Na manhã dessa sexta (05), um grupo de alunos do curso de Engenharia de Alimentos da Universidade Estadual de Ponta Grossa (UEPG) se reuniu presencialmente pela primeira vez desde o início da pandemia de Covid-19. O motivo era nobre: plantar árvores nativas, para neutralizar a emissão de carbono da turma no ano de 2021.
Foram 45 mudas de capororoca (Myrsine coriacea), árvore nativa que chega a oito metros de altura e cresce de dois a quatro metros por ano, produzidas no Viveiro da UEPG. Com a orientação dos professores Rosimeri de Oliveira Fragoso (Biologia) e Carlos André Stuepp (Agronomia), de acadêmicos de Agronomia e técnicos do projeto de pesquisa, as árvores foram plantadas para contribuir com a restauração ecológica de uma área de preservação ambiental na Fazenda Escola Capão da Onça.
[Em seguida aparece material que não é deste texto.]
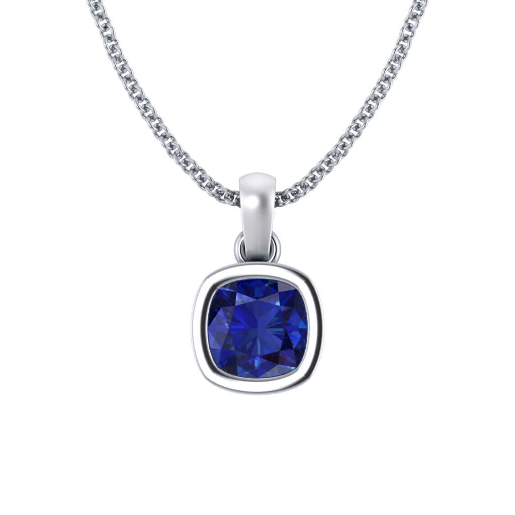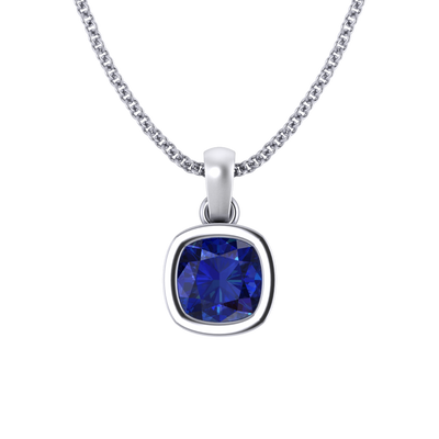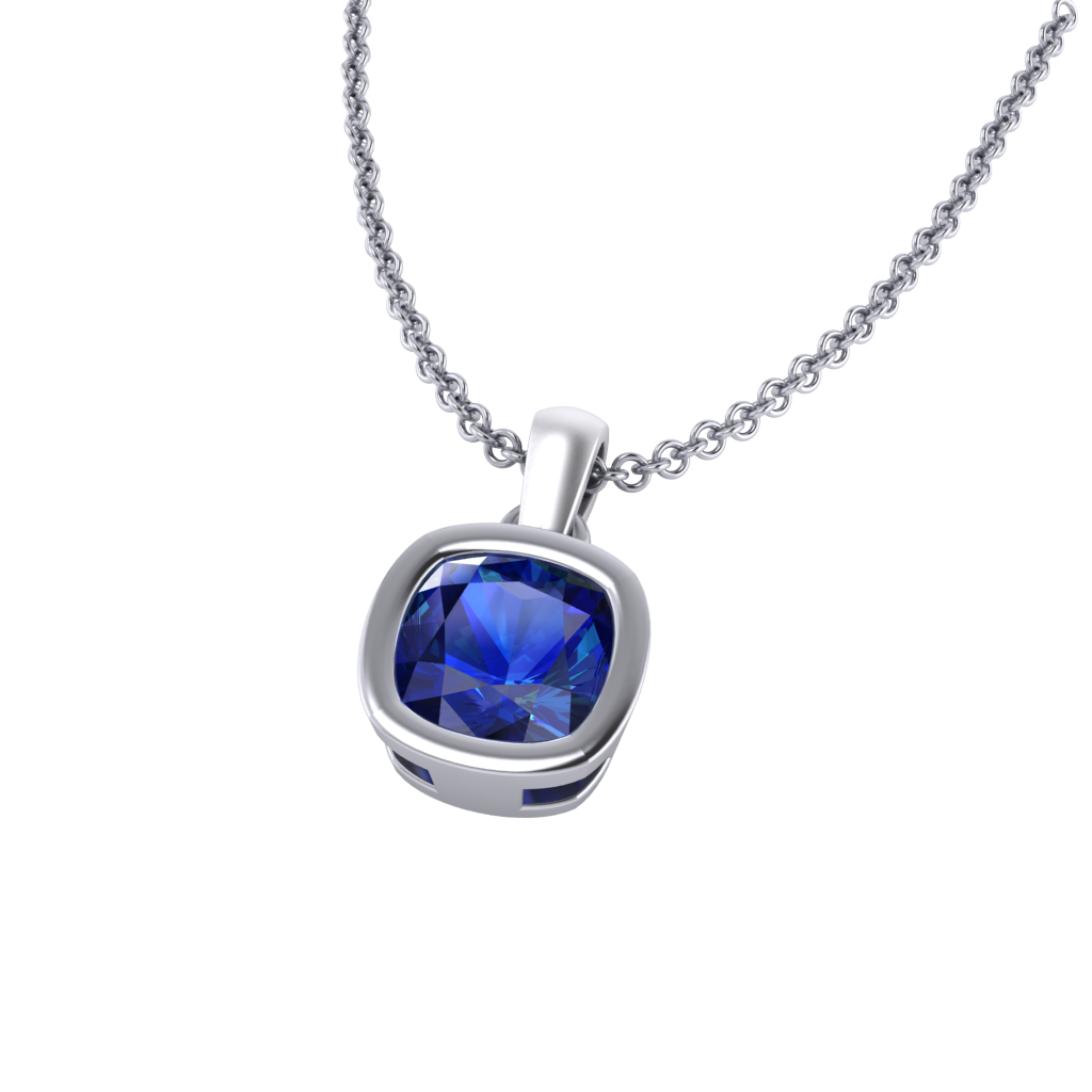 Bezel Cushion Cut Blue Sapphire 18K White Gold Pendant Necklace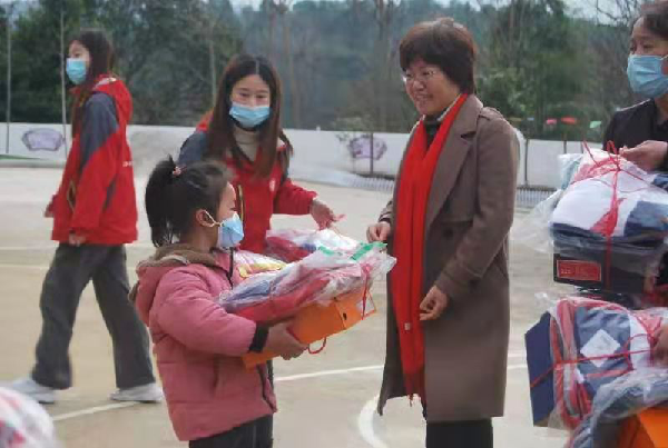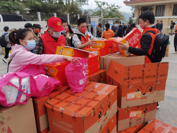 福建社會組織、愛心企業積極為父母就地過年的農村留守兒童捐贈過年物資。圖片來源:福建省民政廳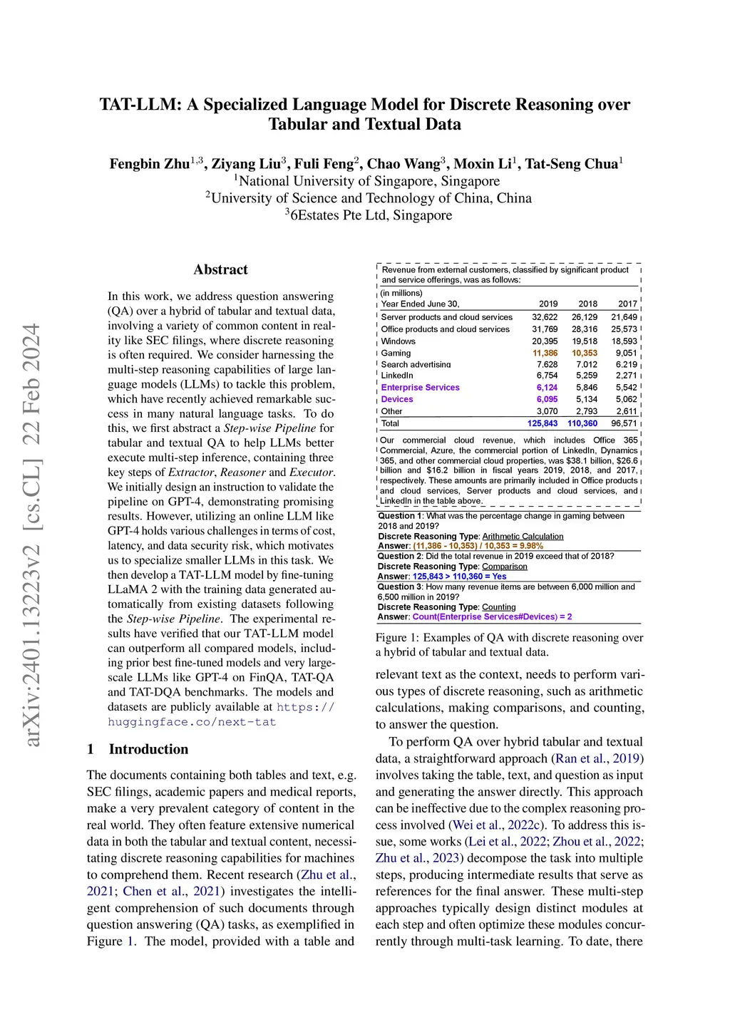 TAT-LLM: A Specialized Language Model for Discrete Reasoning over

A área próxima a uma nascente começou a ser recuperada em 2019, com o plantio de milhares de mudas, e passa por atualização, pesquisa e acompanhamento das plantas.
Na disciplina de Engenharia de Alimentos e Ambiente, ministrada pela professora Ana Barana aos acadêmicos do 4º ano de Engenharia de Alimentos, uma atividade propôs a reflexão: qual a pegada de carbono que cada um de nós deixa no mundo? Todos os dias, empresas e pessoas emitem dióxido de carbono, um gás poluente que é um dos responsáveis pelo efeito estufa e pelas mudanças climáticas da Terra. “Cada aluno calculou suas pegadas e também calculamos como conseguiríamos fazer a compensação desse carbono que colocamos na atmosfera”, conta a professora. Em média, cada aluno precisaria plantar duas árvores para conseguir neutralizar o carbono emitido em um ano.
A atividade aconteceu com a orientação da Diretoria de Gestão Ambiental (DGA), Fazenda Escola (Fescon) e Viveiro da UEPG. O diretor da DGA, João Paulo Dlugosz, conta que esse tipo de projeto ajuda a conscientizar a comunidade interna e externa sobre a importância dos aspectos ambientais na sociedade. “Como diretoria de gestão ambiental, estamos sempre fazendo esforços para apoiar projetos como este da professora Ana. A parceria com o Viveiro, mais uma vez, nos propicia o plantio sustentável e planejado, que foi realizado em área de projeto de pesquisa justamente pela quantidade de mudas necessitar de um bom espaço físico, o que seria de maior dificuldade no Campus Uvaranas”, explica.
“Além de ser importante para o planeta, acho que é bom a gente sair um pouco da Universidade”, comenta o acadêmico Alexandre Fonseca Faria. Além de plantar as árvores, os alunos puderam conhecer um pouco mais sobre as espécies nativas e sobre a área em restauração. “Achei interessante o contato com a natureza, com a Fazenda, que eu ainda não conhecia, além da questão de melhorar nossa cultura e criar esse hábito”.
A professora Ana reforçou a animação dos alunos com a possibilidade de neutralizar as emissões de carbono por um ano. “É uma sensação muito boa, de saber que estamos atuando para ajudar a melhorar a qualidade do meio ambiente, e ainda ajudando na recuperação de uma área degradada”, comemora.